# Decode JD 336 baler serial number.



## GoatsinNC (Jun 8, 2020)

Greetings all. Below is the info given me by the seller of a John Deere 336 square baler I’m considering. Is there a secret to decoding it? I’m trying to determine its age. Thanks. Serial #040056 E. Type BE300


----------



## r82230 (Mar 1, 2016)

Any particular reason for decoding the serial number?

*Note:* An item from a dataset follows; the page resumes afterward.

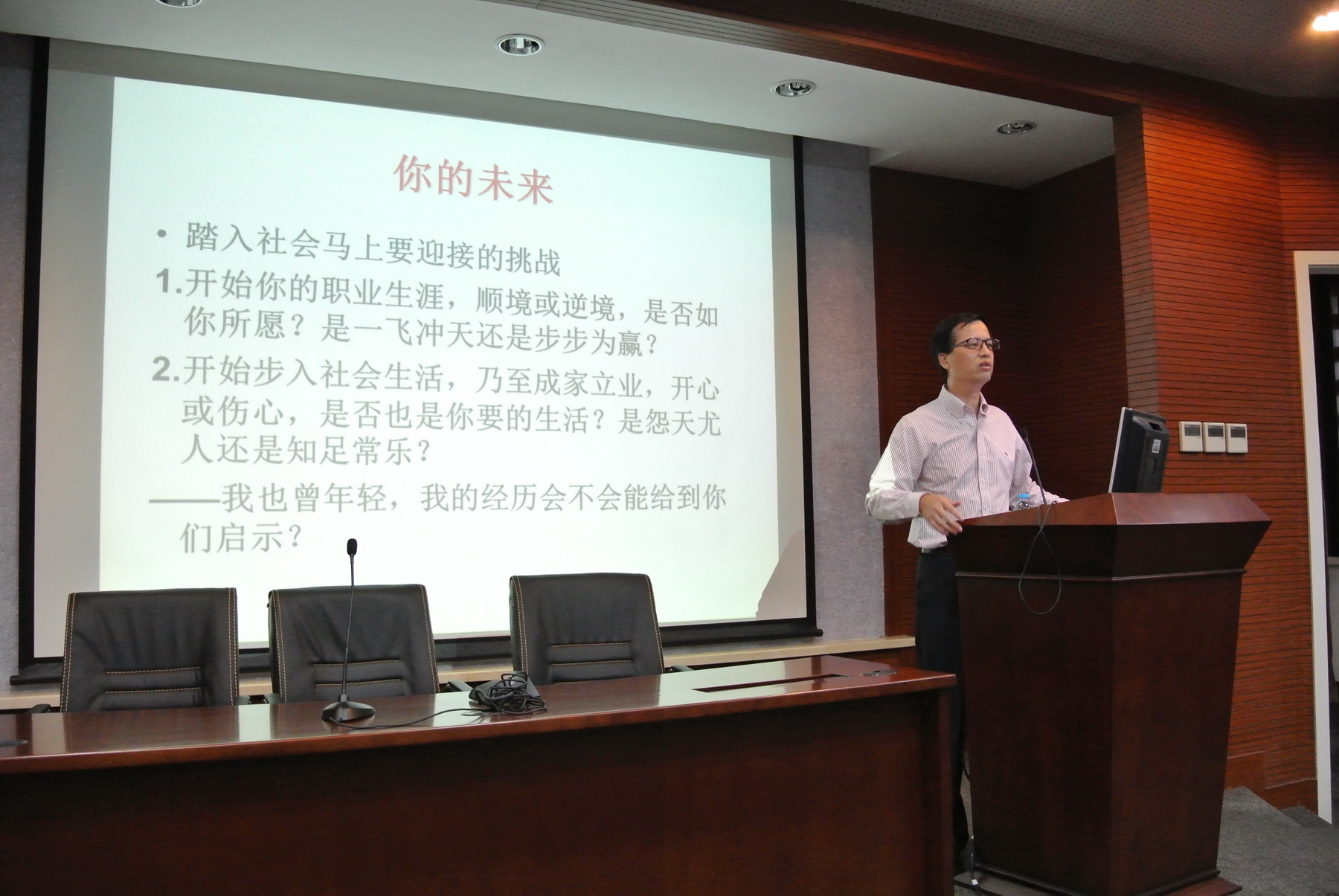 10月8日,我院应用心理系兼职教授、珠江人寿股份有限公司总裁胡国萍先生应邀为我院学生开展了一场以“我的职涯,你的未来?”为主题的职业生涯规划讲座。

IIRC they built them for a number of years (8-10 years maybe, in the 70's), but for buying purposes I wouldn't find the manufacturing year that important. Condition / use / storage attributes would be much more important, along with the availability of a knowledgeable service & parts manager. Rational: baler is going to be somewhere' s between 40 or 50 years old. If you don't have a knowledgeable dealer close by................., you could have a steep learning curve on repairs.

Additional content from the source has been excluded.